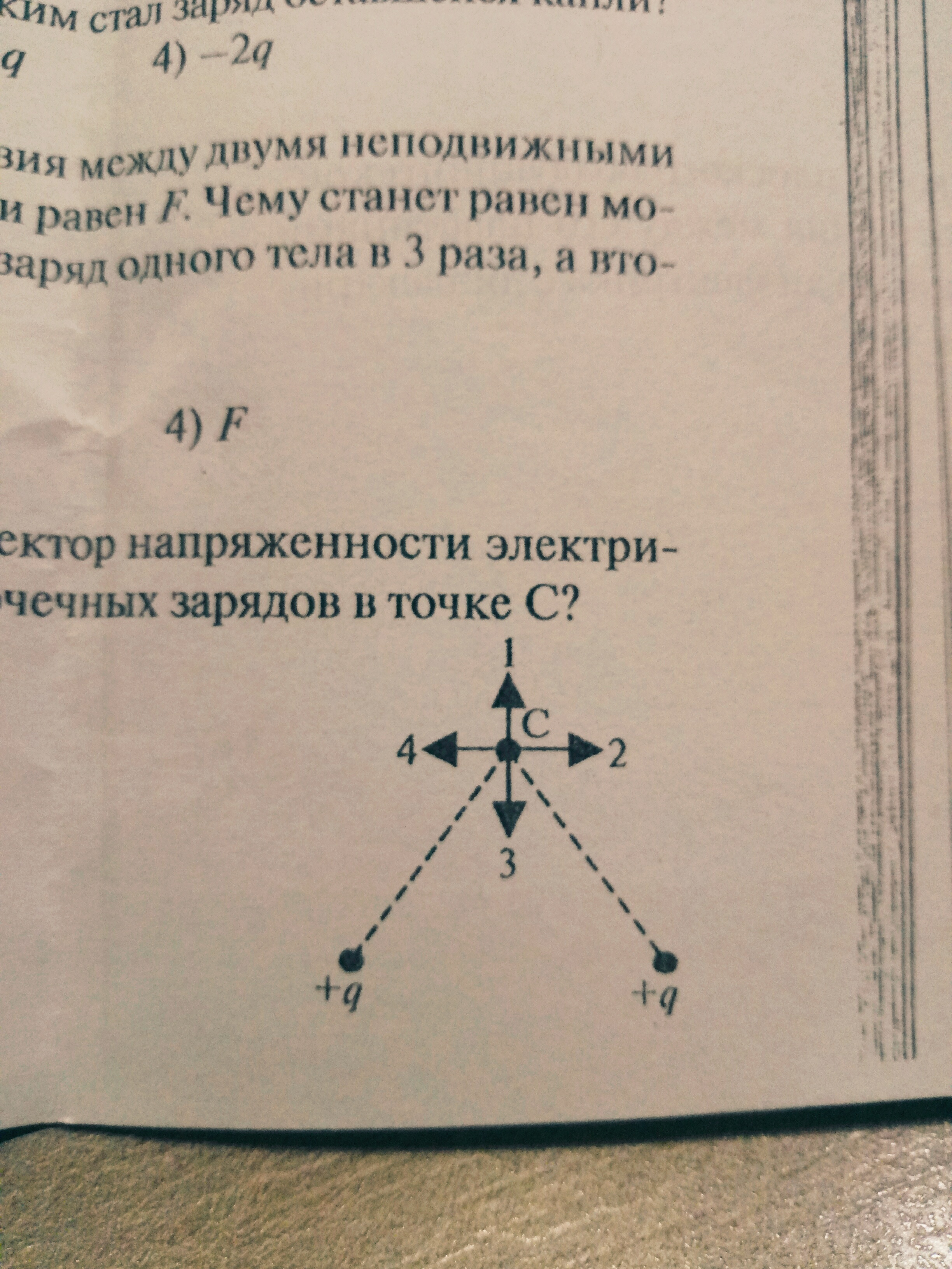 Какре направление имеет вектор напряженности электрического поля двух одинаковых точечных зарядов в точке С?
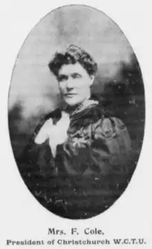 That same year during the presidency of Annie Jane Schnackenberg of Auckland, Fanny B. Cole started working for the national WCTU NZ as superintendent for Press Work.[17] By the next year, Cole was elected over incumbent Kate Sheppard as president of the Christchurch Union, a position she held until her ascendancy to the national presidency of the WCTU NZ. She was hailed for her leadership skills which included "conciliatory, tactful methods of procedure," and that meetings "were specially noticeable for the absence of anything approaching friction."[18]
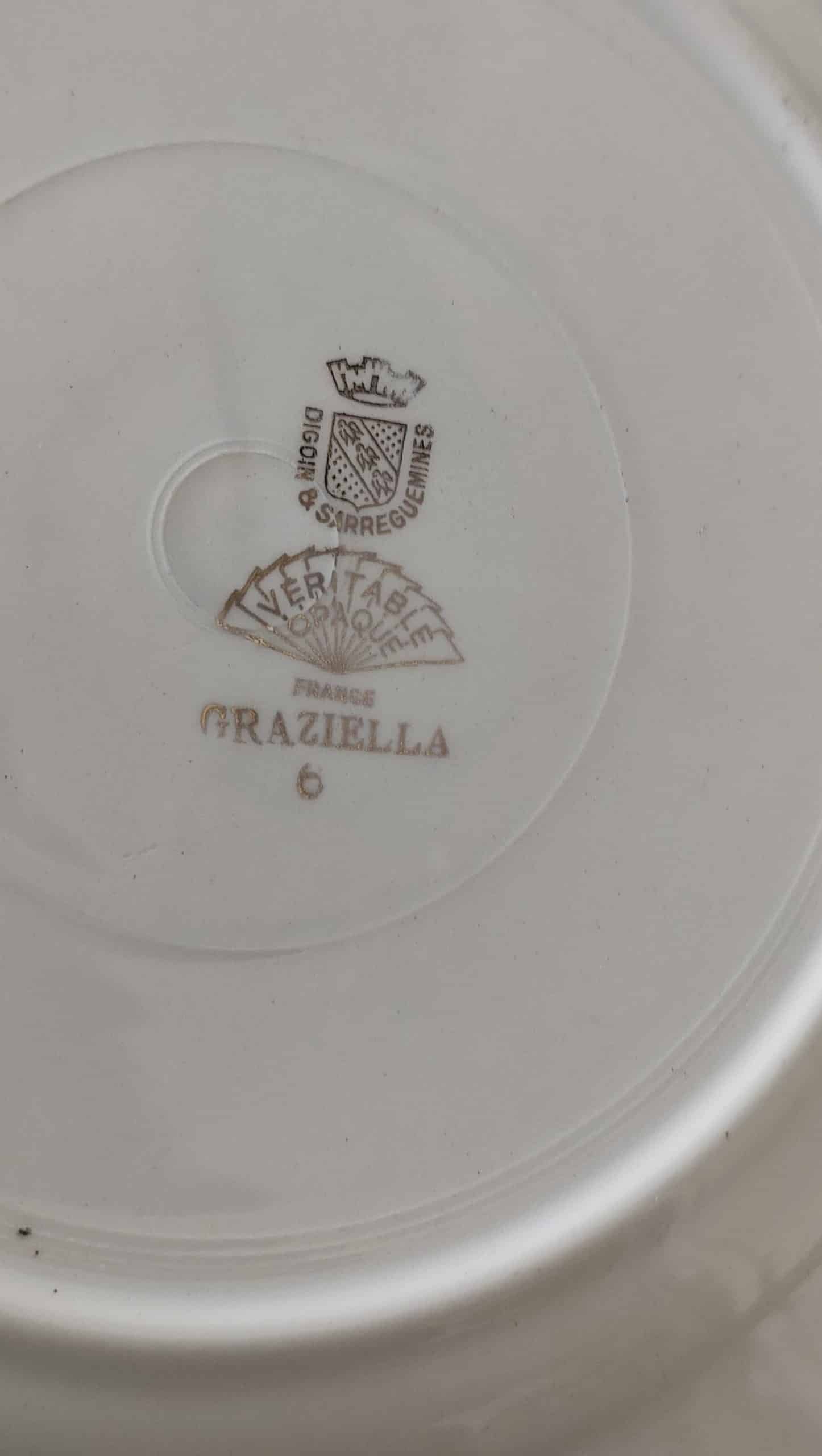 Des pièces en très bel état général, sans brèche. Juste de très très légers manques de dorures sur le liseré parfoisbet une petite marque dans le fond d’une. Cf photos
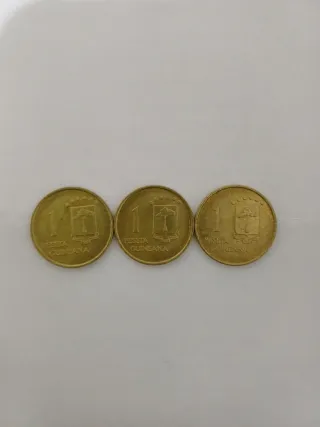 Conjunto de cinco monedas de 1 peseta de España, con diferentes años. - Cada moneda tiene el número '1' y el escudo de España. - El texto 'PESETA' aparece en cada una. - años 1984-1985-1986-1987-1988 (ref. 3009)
┄┄┄┄┄┄
◆ **Aim of the exercise**
Word for word, restate the lines from the one containing "Des pièces en" through the end of the listing, and nothing more. Skip the pictures.

◆ **Answer to the problem**
 Des pièces en très bel état général, sans brèche. Juste de très très légers manques de dorures sur le liseré parfoisbet une petite marque dans le fond d’une. Cf photos
 Conjunto de cinco monedas de 1 peseta de España, con diferentes años. - Cada moneda tiene el número '1' y el escudo de España. - El texto 'PESETA' aparece en cada una. - años 1984-1985-1986-1987-1988 (ref. 3009)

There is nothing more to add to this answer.